Themi's entrepreneurs, like those of NEM, were brought into a ready-made project. SIDO and the USAID-sponsored AP/VDP conceived of the project to produce ox-drawn tool bars and ox-carts for the local market. They then advertised for entrepreneurs to manage the project. Out of a total of 62 groups, one partnership group of seven indigenous entrepreneurs was selected. In contrast to NEM, these entrepreneurs were then responsible for the procurement of machinery. installation and tooling. Funds for equipment were provided as a low-interest loan by USAID through AP/VDP and channelled through the RDD's office. The Tanzania Rural Development Bank (TRDB) provided a short-term loan to procure raw materials.

The choice of technology and its supplier (in the UK) was made by the entrepreneurs themselves after receiving several quotations from various suppliers. They were also responsible for procuring the equipment and participated fully in the installation and commissioning of the plant. Some assistance was obtained from SIDO and AP/VDP technicians. This investment capability was possible because three of the entrepreneurs, though not very experienced, held a degree (BSc) in engineering. It was said that this direct participation facilitated the procurement of simple technology which is suited for most general engineering works. And, unlike most equipment procured by SIDO, this equipment was not mix-specified. Although the product had been chosen by SIDO and AP/VDP, which limited the type of technologies which could be used, Themi's entrepreneurs could still make their choice from various equipment suppliers offering significant sophistication' price and quality differences. It was therefore possible for them to negotiate for the best terms.

Afrocooling's investment capabilities

Unlike the entrepreneurs of NEM and Themi, who were assisted by the state (through SIDO) in performing certain early entrepreneurial functions, those in Afrocooling had to undergo the long and difficult but instructive process of feasibility studies, project identification and execution. The feasibility study and civil works were contracted to local firms. The entrepreneurs hired consultants from India to specify and supervise the construction of the factory and install and commission the plant. The entrepreneurs obtained quotations for the supply of equipment from the leading radiator equipment manufacturers in the world. Equipment from a variety of suppliers in the UK, the then West Germany and India was selected. The entrepreneurs participated fully in all these negotiations, showing a grasp of pre-investment tasks rare in Tanzania. The equipment selected is considered appropriate to the Tanzanian condition, given the firm's flexible, small-scale and labour-intensive operations.

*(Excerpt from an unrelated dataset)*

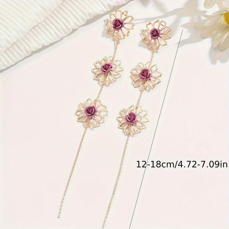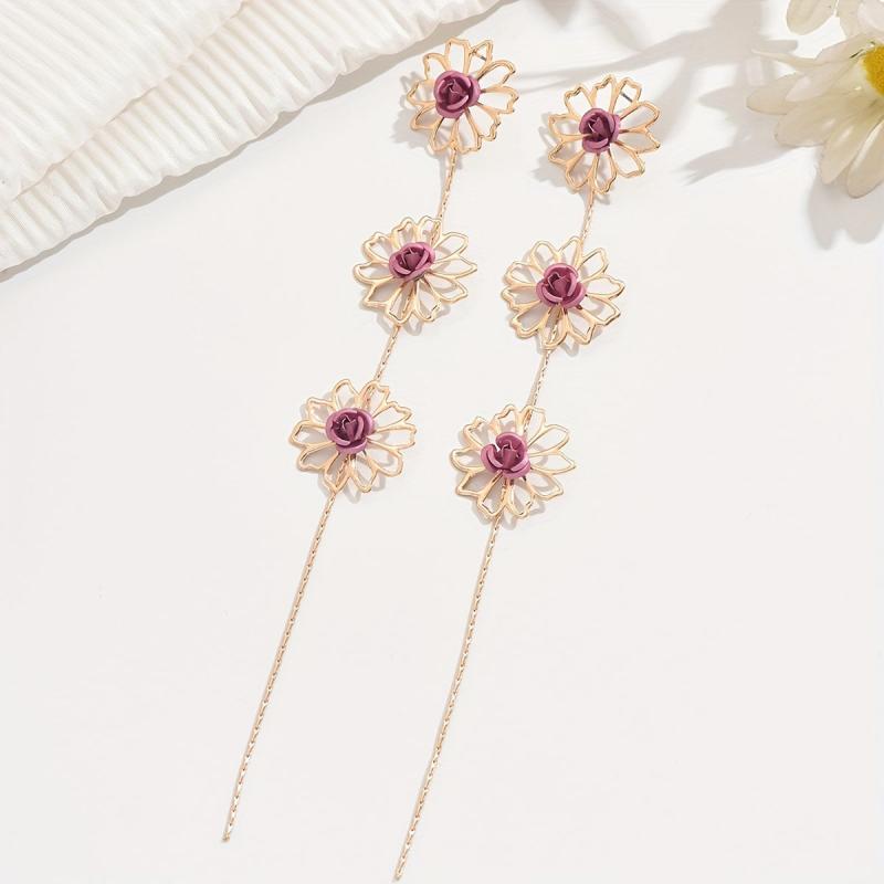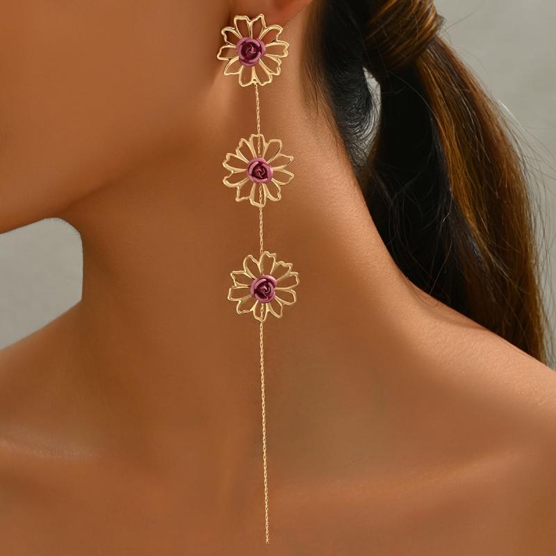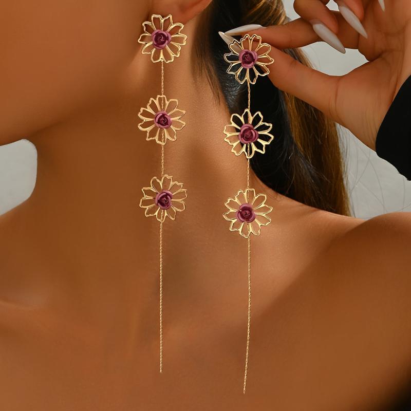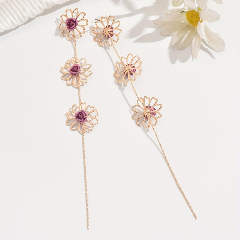 Elevate your style with these Boho Floral Tassel Drop Earrings featuring a hollow flower design and long studded posts. Made with Iron main & 316L stainless steel posts, perfect for daily wear.

Matsushita's investment capabilities

In the case of Matsushita, all the investment functions, such as feasibility studies, site selection, technology research, negotiation of contracts, civil construction, equipment erection, commissioning and procurement, were performed by the parent company, Matsushita Electric Industries of Japan. It was claimed that at that time (the mid-1960s) there were no Tanzanians with sufficient engineering capability to participate in the decision-making process.

The textiles firms' investment capabilities

Investment capabilities in the textile firms vary mainly according to the nature of ownership. While the government made all the decisions in the case of the public firms Friendship, Polytex (through the parastatal holding company TEXCO) and Morogoro Canvas, for JV Textiles and Tanganyika Textiles the decision was made by the (private) managing director.

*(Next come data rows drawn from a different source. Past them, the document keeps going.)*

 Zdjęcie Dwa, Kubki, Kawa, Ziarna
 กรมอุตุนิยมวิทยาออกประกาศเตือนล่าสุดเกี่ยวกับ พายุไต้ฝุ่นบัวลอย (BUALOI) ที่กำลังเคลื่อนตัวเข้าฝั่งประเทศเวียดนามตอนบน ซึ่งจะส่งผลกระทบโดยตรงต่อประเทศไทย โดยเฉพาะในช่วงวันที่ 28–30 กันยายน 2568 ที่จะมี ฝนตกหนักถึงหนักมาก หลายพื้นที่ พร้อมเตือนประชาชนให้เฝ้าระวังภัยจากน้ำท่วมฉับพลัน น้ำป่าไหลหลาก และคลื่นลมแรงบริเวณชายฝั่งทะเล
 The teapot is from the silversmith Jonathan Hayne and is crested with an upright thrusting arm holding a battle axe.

The feasibility studies for the public firms were undertaken through bilateral donor arrangements (e.g. the Chinese for Friendship) or under multilateral arrangements (e.g. Canvas Mill). Even in the case of the two private firms, foreign consultants were invited in. This reflects the absence of indigenous capacity at that time, though such capabilities now exist even within the firms.

The choice of technology (machinery, product range, etc.) in the case of public firms was mainly dictated by the source of finance (e.g. the Chinese government in the case of Friendship) while private firms had their choices made by the managing director. Civil works were done by foreign firms in all cases.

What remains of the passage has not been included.